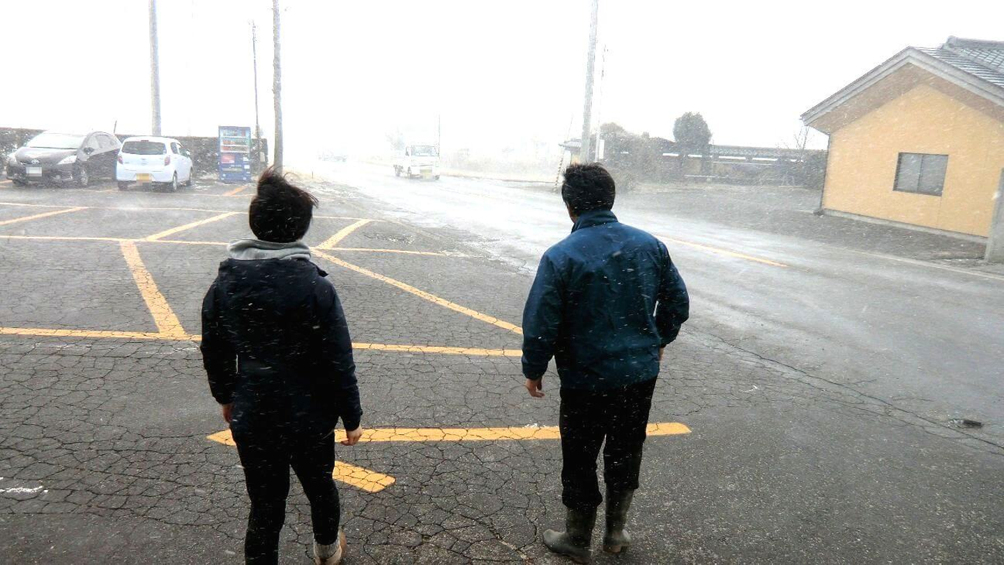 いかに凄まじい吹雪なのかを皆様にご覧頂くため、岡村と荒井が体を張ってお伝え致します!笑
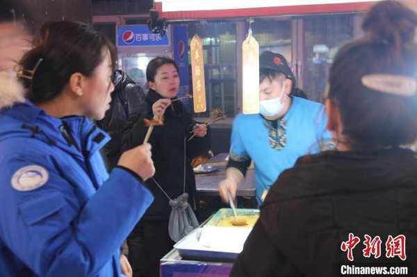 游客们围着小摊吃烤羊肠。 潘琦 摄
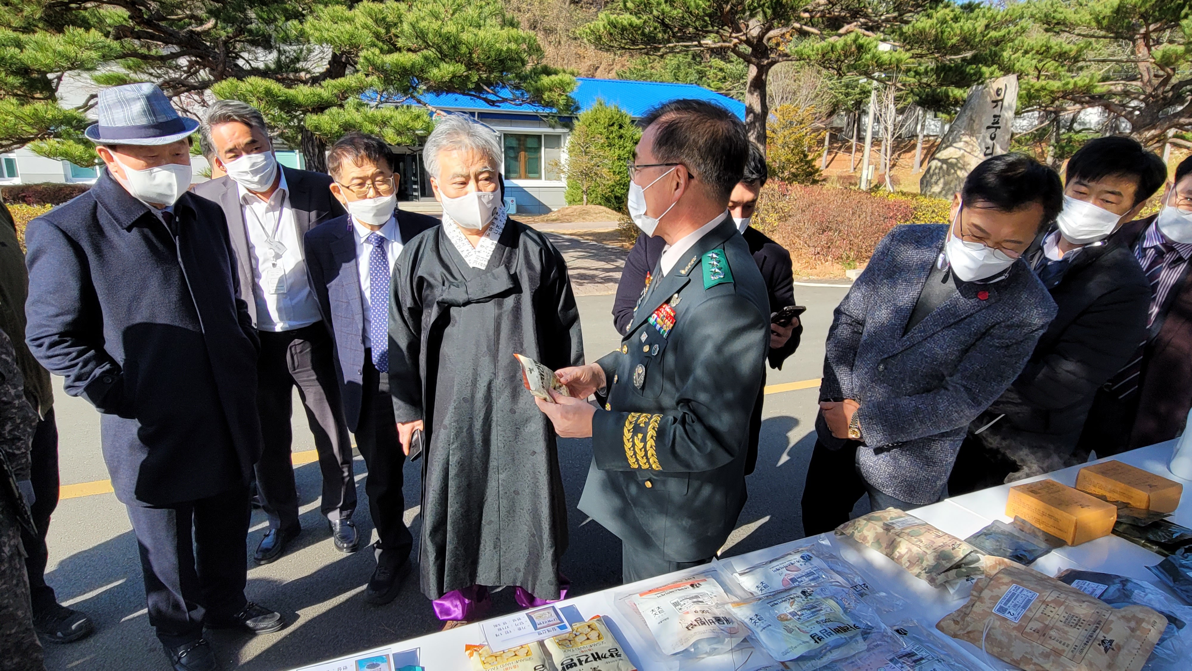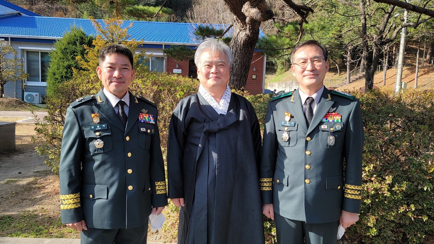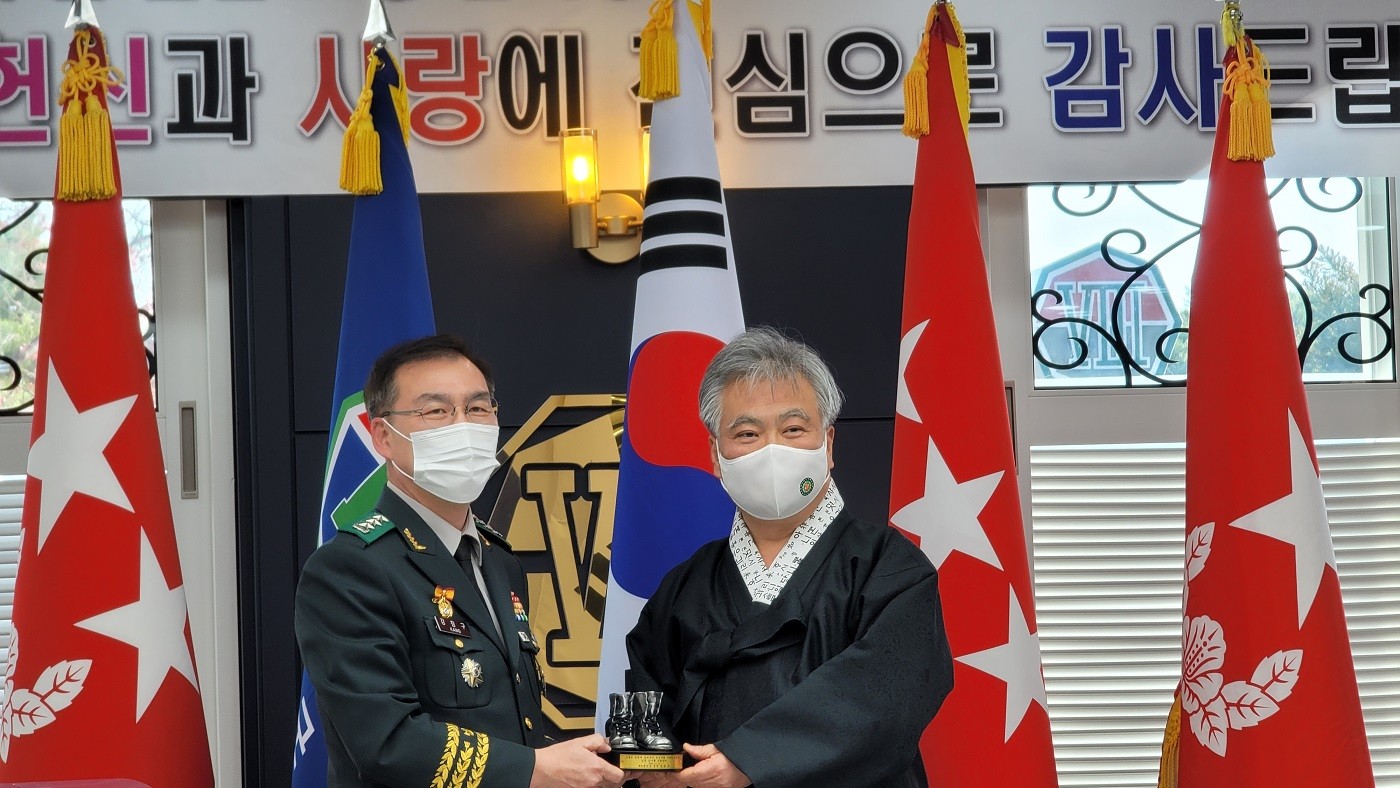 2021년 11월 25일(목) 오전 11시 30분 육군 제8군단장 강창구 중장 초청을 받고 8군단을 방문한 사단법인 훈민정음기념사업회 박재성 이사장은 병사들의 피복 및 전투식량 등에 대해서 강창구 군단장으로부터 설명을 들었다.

### What needs to be done
Copy the whole listing above word for word but do not carry over the pictures.

### Answer
 いかに凄まじい吹雪なのかを皆様にご覧頂くため、岡村と荒井が体を張ってお伝え致します!笑
 游客们围着小摊吃烤羊肠。 潘琦 摄
 2021년 11월 25일(목) 오전 11시 30분 육군 제8군단장 강창구 중장 초청을 받고 8군단을 방문한 사단법인 훈민정음기념사업회 박재성 이사장은 병사들의 피복 및 전투식량 등에 대해서 강창구 군단장으로부터 설명을 들었다.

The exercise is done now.